Many states and foreign countries where we operate also have, or are developing, similar environmental laws and regulations governing these same types of activities. While similar, in some cases these regulations may impose additional, or more stringent, requirements that can add to the cost and difficulty of marketing or transporting products across state and international borders.
The ultimate financial impact arising from environmental laws and regulations is neither clearly known nor easily determinable as new standards, such as air emission standards, water quality standards and stricter fuel regulations, continue to evolve. However, environmental laws and regulations, including those that may arise to address concerns about global climate change, are expected to continue to have an increasing impact on our operations in the United States and in other countries in which we operate.
Remediation Accruals
We accrue for remediation activities when it is probable that a liability has been incurred and reasonable estimates of the liability can be made. These accrued liabilities are not reduced for potential recoveries from insurers or other third parties and are not discounted (except those assumed in a purchase business combination, which we do record on a discounted basis).
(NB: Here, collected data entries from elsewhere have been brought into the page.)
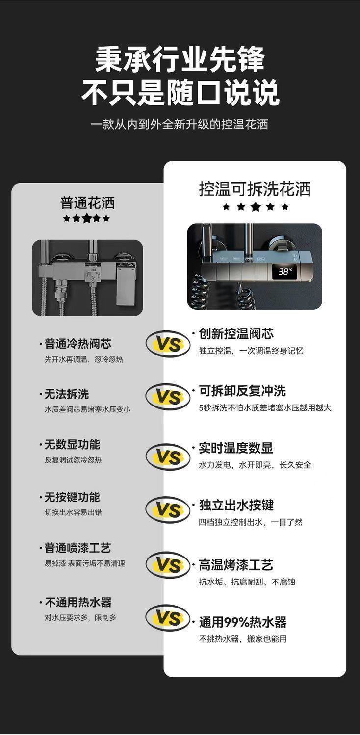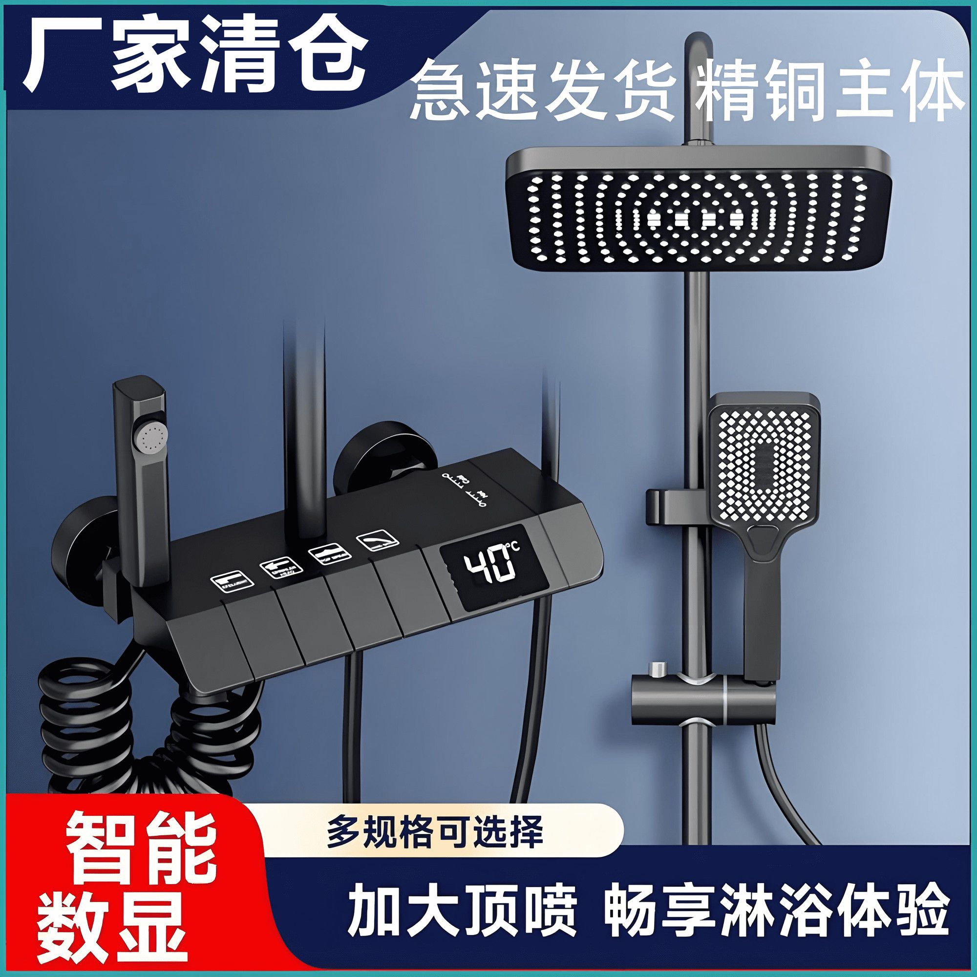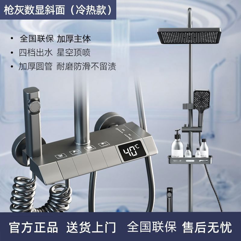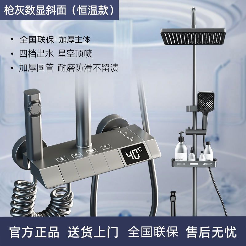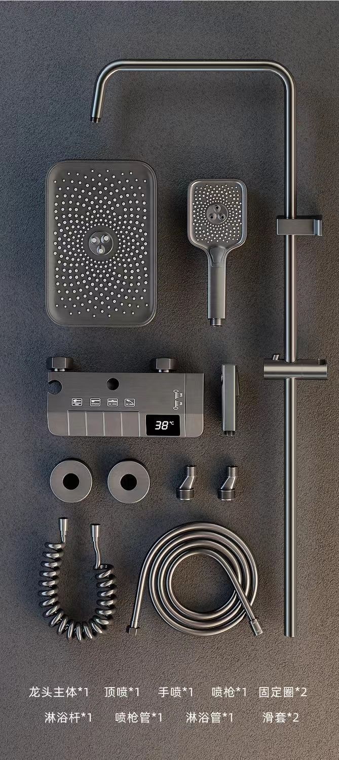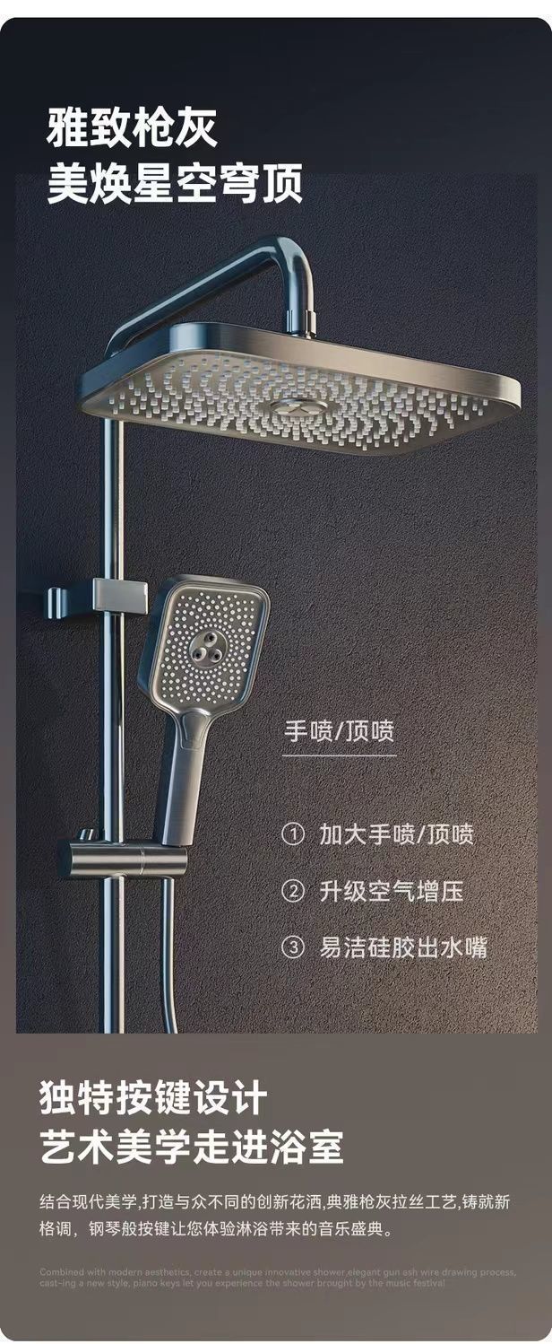 钢琴按键空气智能恒温家用卫生间淋浴花洒套装整套淋浴花洒一整套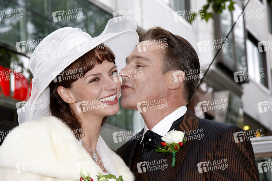 Das Brautpaar Jacques Breuer und Viola Wedekind mit der Hochzeitskutsche unterwegs vom Theater am Kurfürstendamm zur Hochzeitsfeier im Hotel Seehof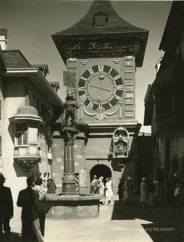 Handwritten script on back: 25. Langdon Longwell Collection. / village sidewalk scene with clock tower Stamped script on back with number penciled in: Hedrick Blessing Studio / 540 No. Michigan Ave. / Chicago, Ill / Neg. No. 2307-A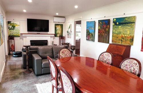 Take it easy at this unique and tranquil getaway. 3 bedroom house built in the 1960 that has been recently renovated. Large country style kitchen and adjoining living room. Features indoor fireplace, reverse cycle air conditioning and laundry facilities. Great views of the Barrabool Hills from the living room, verandah and lawn area. The Cottage is located at Barrabool Maze Estate.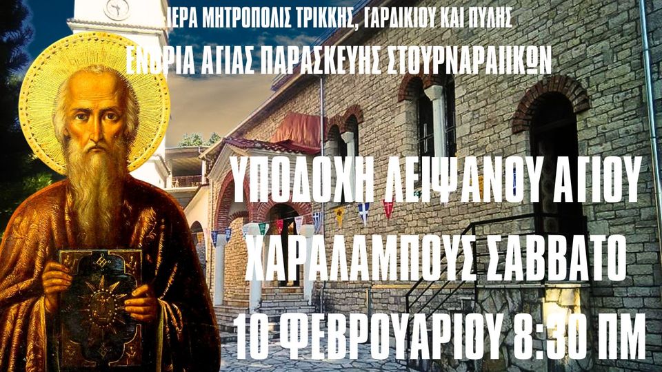 Το Σάββατο 10 Φεβρουαρίου στις 8:30 το πρωί, υποδοχή ΙΕΡΟΥ ΛΕΙΨΑΝΟΥ ΤΟΥ ΑΓΙΟΥ ΧΑΡΑΛΑΜΠΟΥΣ στα Προπύλαια του ΙΕΡΟΥ ΝΑΟΥ ΑΓΙΑΣ ΠΑΡΑΣΚΕΥΗΣ ΣΤΟΥΡΝΑΡΑΙΪΚΩΝ.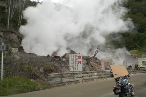 写真は小安峡温泉から秋の宮に抜ける途中にある川原毛地獄で異様なにおいが立ち込めていました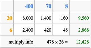 Finally, we add up all the sums we found in step 3 to get our final answer to 478 times 26.

Many of these liabilities result from CERCLA, RCRA and similar state laws that require us to undertake certain investigative and remedial activities at sites where we conduct, or once conducted, operations or at sites where ConocoPhillips-generated waste was disposed. The accrual also includes a number of sites we have identified that may require environmental remediation, but which are not currently the subject of CERCLA, RCRA or state enforcement activities. If applicable, we accrue receivables for probable insurance or other third-party recoveries. In the future, we may incur significant costs under both CERCLA and RCRA. Considerable uncertainty exists with respect to these costs, and under adverse changes in circumstances, potential liability may exceed amounts accrued as of June 30, 2006.
Remediation activities vary substantially in duration and cost from site to site, depending on the mix of unique site characteristics, evolving remediation technologies, diverse regulatory agencies and enforcement policies, and the presence or absence of potentially liable third parties. Therefore, it is difficult to develop reasonable estimates of future site remediation costs.
At June 30, 2006, our balance sheet included a total environmental accrual of $982 million, compared with $989 million at December 31, 2005. We expect to incur a substantial majority of these expenditures within the next 30 years.
Notwithstanding any of the foregoing, and as with other companies engaged in similar businesses, environmental costs and liabilities are inherent in our operations and products, and there can be no assurance that material costs and liabilities will not be incurred. However, we currently do not expect any material adverse effect upon our results of operations or financial position as a result of compliance with environmental laws and regulations.
NEW ACCOUNTING STANDARDS
In June 2006, the Financial Accounting Standards Board (FASB) issued FASB Interpretation No. 48, Accounting for Uncertainty in Income Taxes, an interpretation of FASB Statement No. 109. This Interpretation provides guidance on recognition, classification, and disclosure concerning uncertain tax liabilities. The evaluation of a tax position will require recognition of a tax benefit if it is more likely than not that it will be sustained upon examination. This Interpretation is effective beginning January 1, 2007. We are currently evaluating the impact on our financial statements.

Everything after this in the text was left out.